According to Nuñez Astrain, the question arises as to why the PNV, which had abstained from voting in Spain's 1978 constitutional referendum, agreed to vote on the statute. The PNV, was unable to call for a `Yes' vote to the 1978 Spanish Constitution, which does not recognizes Basque sovereingty. Neither was the PNV able to join the Basque resistance and challenge the Spanish governmen, which would have meant sharing the Basque social and political space with the Basque resistance. The PNV would have lost its historical hegemony over the nationalist sector of Araba, Bizkaia and Gipuzkoa. Moreover, the PNV is too far of the right of the Basque resistance to back their demands.

The acceptance of the Moncloa statute of 1979 enabled the Basque bourgeoisie to occupy the autonomous space which offered them the possibility for political and economic hegemony, especially at the level of the provincial governments, traditionally controlled by members of the Basque bourgeoisie. The Spanish reform succeeded in drawing to its side a large sector of the Basque bourgeoisie that controlled the leadership of the PNV. With this maneuver, Madrid was able to exploit the division between the resistance and sectors of the petite bourgeoisie, the middle classes and even some of the traditional popular strata loyal to the PNV.
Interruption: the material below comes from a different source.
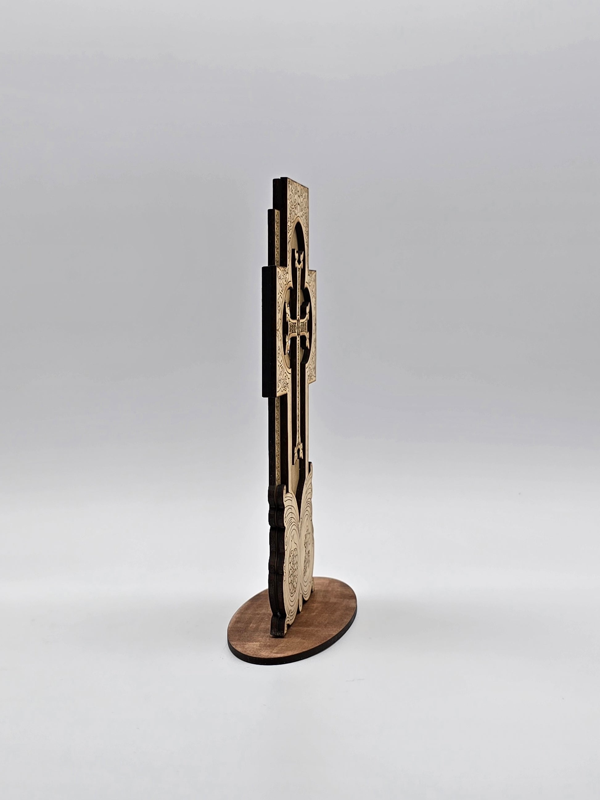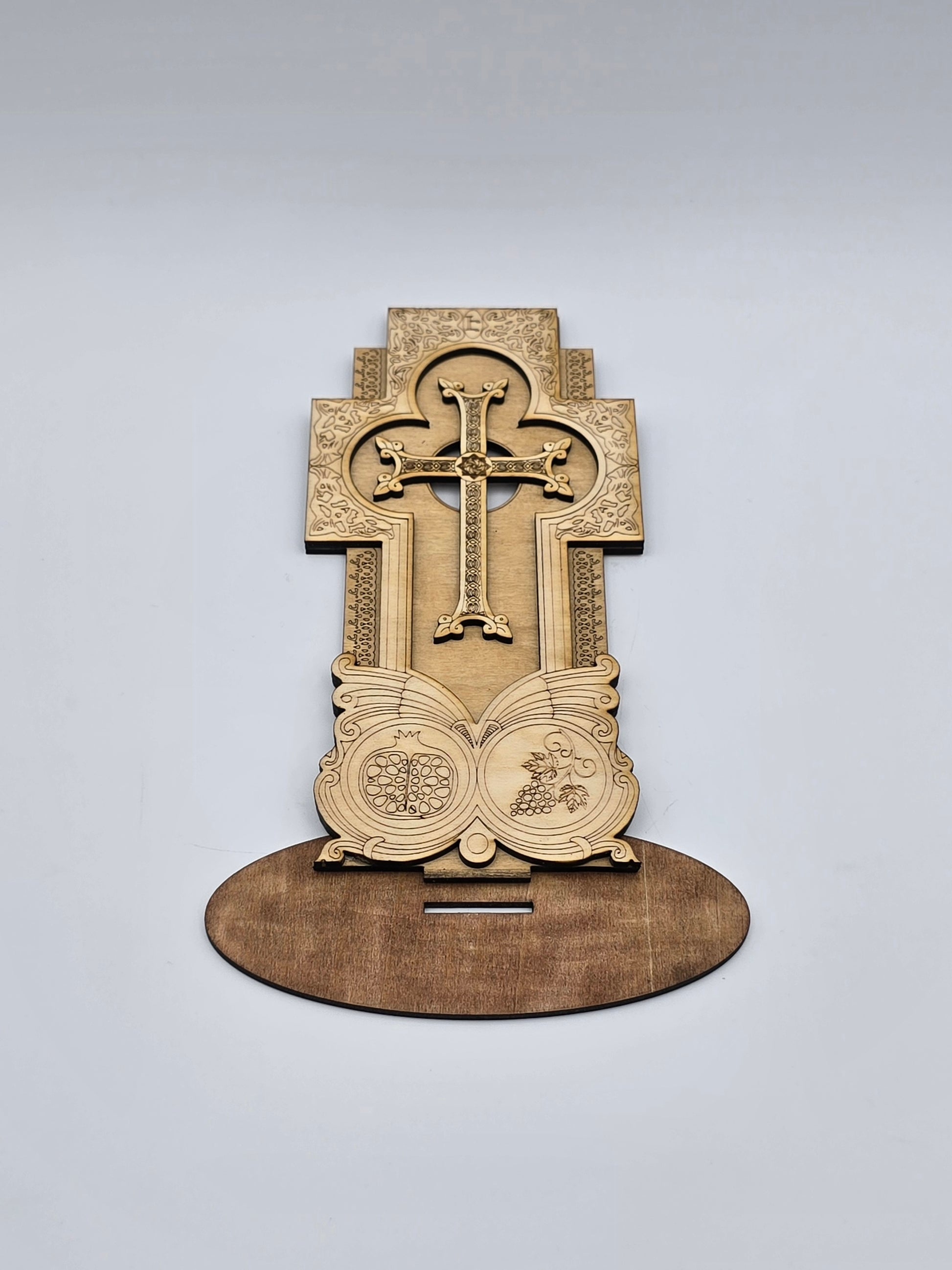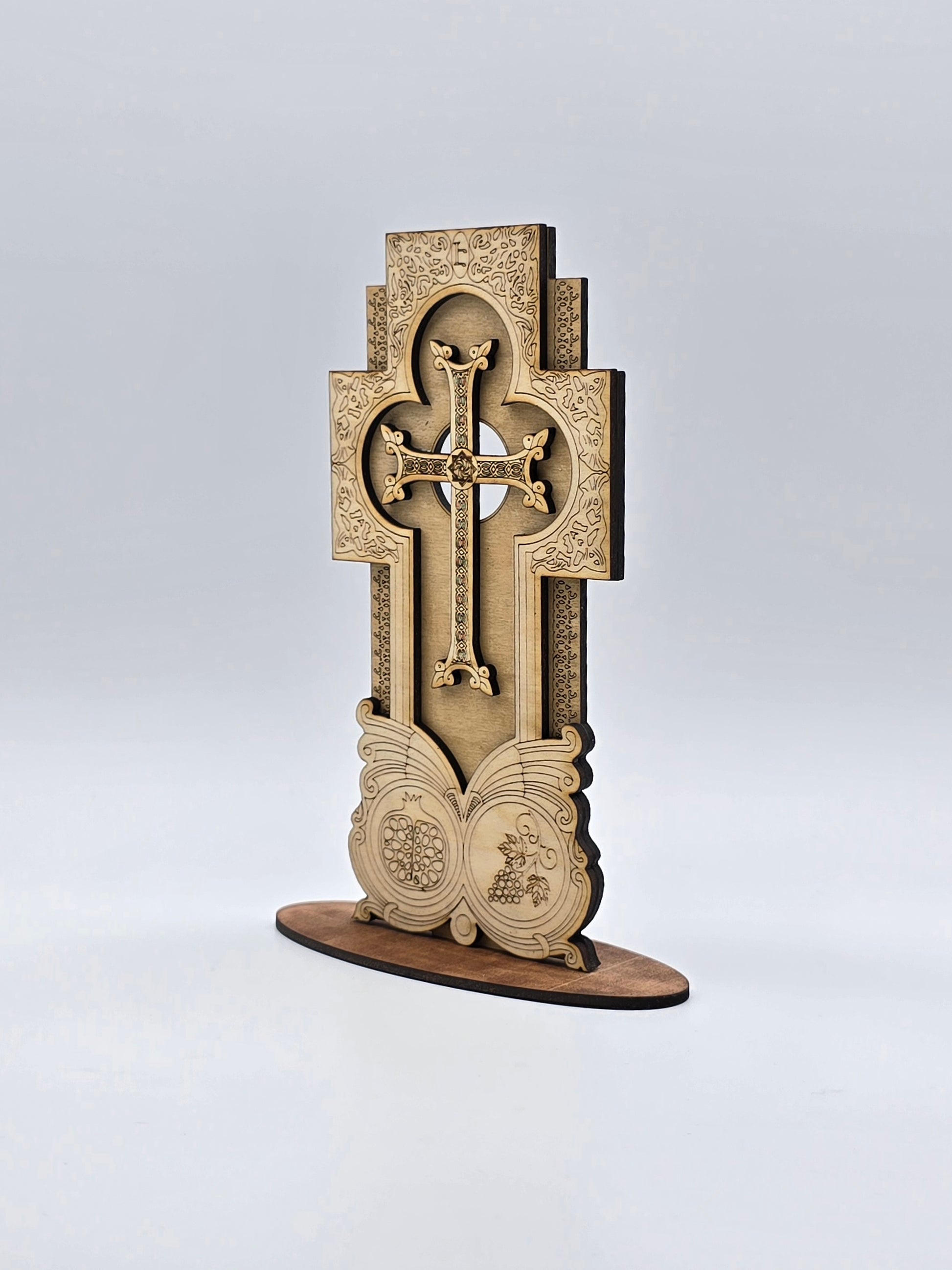 Handcrafted Armenian Wooden Khachkar Cross – Intricate Laser-Engraved Design

Meanwhile in (residual) Nabarra, an alliance of the Left (PSOE, Spanish Socialist Party) and the Right (UCD, Union of the Democratic Center and UPN, Union of the Nabarrase People) negotiated an autonomy statute with the central government. Three members of parliament, including Herri Batasuna's, member parliament, were banned from the negotiating Commission. In 1982 the law of Amejoramiento del Fuero Nabarro (approved by the Nabarrese parliaments and not by referendum) provided Nabarra with its own autonomy statute thus further dividing Nabarra from its truncated territories of Araba, Bizkaia and Gipuzkoa. Article 145 of the Spanish Constitution states that: "[u]nder no circumstances shall the federation of Autonomous Communities be allowed."
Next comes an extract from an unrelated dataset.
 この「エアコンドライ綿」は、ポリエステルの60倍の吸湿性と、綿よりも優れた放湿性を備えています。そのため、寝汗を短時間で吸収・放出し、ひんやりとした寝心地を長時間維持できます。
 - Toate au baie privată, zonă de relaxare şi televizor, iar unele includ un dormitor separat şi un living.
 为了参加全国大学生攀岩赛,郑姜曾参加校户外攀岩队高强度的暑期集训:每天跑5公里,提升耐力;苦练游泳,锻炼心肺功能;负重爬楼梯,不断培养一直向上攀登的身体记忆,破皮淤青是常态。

In this way, the institutional division of Nabarra's territories in Spain was finally consolidated.

According to Nuñez Astrain, the Francoist transition to parliamentary monarchy can't be fully understood without mentioning the coup d'Etat of February 1981 in the Spanish parliament. The coup brought about the Ley Organica de Armonizacion del Proceso Autonomico (LOAPA, Organic Law for the Harmonization of the Autonomic Process), approved by the Spanish parliament in 1982, and which recovered the paltry concessions that had been made in 1979 to the regional communities. In 1983 the Constitutional Court declared fourteen articles of the law wholly or partially unconstitutional but the remaining portions of the LOAPA (now known as LPA) became law and entered into force in October 1983. Regional autonomy was further weakened by the law of the State Security Corps and Forces, the law of Judicial Power, and the Basic Law on Civil Servants. The possibilities of state decentralization, which would have given some benefits to Nabarra and the Baskongadak are controlled, watched, and weakened by central legislation and the state.

Bibliography: Luis Nuñez Astrain, La Razón Vasca, (Txalaparta, 1995); Jose Luis Cereceda, Euskadi en guerre (Ekin, 1987); Marianne Heiberg, The Making of the Basque Nation (Cambridge University Press, 1987); Francisco Letamendia, Historia del Nacionalismo Vasco y de ETA (R&B Ediciones); Towards the National Liberation of Euskadi ( Ekin, 1992)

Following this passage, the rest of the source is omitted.